À partir du 2 août 2026, de nombreux contenus générés par IA devront être clairement étiquetés — mais pas tous. La Commission européenne a enfin clarifié le 8 mai 2026 ce qui relève concrètement de l’article 50 du règlement IA. Voici, de manière très pratique, ce que vous devez vraiment faire en tant qu’indépendant ou petite entreprise — et ce que vous n’avez pas à faire.

Sommaire

KI Kennzeichnungspflicht ab August 2026

De quoi s’agit-il ?

Le règlement européen sur l’intelligence artificielle (Règlement (UE) 2024/1689) est entré en vigueur en août 2024 et s’applique par paliers. Le 2 août 2026, l’article 50 entre en application — la partie qui régit les obligations de transparence pour les systèmes d’IA. Traduction : quand vous utilisez l’IA, vos clients doivent dans de nombreux cas être informés qu’un système d’IA est en jeu.

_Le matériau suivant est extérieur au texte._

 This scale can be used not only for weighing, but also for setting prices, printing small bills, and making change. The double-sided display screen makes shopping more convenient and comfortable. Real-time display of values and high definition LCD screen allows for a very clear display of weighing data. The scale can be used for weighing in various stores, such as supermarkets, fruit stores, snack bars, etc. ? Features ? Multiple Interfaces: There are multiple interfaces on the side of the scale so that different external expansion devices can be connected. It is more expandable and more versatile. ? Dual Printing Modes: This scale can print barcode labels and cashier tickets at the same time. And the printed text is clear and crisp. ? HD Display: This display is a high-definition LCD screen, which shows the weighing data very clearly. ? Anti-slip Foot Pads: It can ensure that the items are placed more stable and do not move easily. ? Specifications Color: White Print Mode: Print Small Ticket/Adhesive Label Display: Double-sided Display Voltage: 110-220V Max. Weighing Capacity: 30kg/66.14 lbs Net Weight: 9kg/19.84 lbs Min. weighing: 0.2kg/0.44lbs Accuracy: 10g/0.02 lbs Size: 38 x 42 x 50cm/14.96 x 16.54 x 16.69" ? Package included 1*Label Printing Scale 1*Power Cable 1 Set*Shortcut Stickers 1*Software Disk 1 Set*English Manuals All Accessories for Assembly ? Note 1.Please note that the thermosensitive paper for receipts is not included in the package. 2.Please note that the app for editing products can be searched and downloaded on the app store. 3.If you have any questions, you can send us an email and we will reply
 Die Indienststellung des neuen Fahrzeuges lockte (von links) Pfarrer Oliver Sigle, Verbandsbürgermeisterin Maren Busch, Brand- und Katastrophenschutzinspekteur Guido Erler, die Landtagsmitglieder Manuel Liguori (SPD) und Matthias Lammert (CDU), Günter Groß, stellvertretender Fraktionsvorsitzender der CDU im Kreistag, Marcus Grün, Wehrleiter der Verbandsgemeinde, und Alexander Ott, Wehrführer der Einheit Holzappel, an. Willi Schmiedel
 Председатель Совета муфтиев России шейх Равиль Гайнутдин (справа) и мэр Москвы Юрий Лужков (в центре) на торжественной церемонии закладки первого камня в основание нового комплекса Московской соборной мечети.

Le 8 mai 2026, la Commission européenne a publié un projet de lignes directrices d’interprétation et a ouvert une consultation publique jusqu’au 3 juin 2026. Ces lignes ne sont pas contraignantes mais constituent le premier document officiel qui détaille le champ d’application de l’article 50 pour la pratique. En France, la Direction générale des entreprises (DGE) et la CNIL participent à la surveillance ; en Allemagne, c’est la Bundesnetzagentur qui prend le rôle d’autorité nationale de surveillance du marché.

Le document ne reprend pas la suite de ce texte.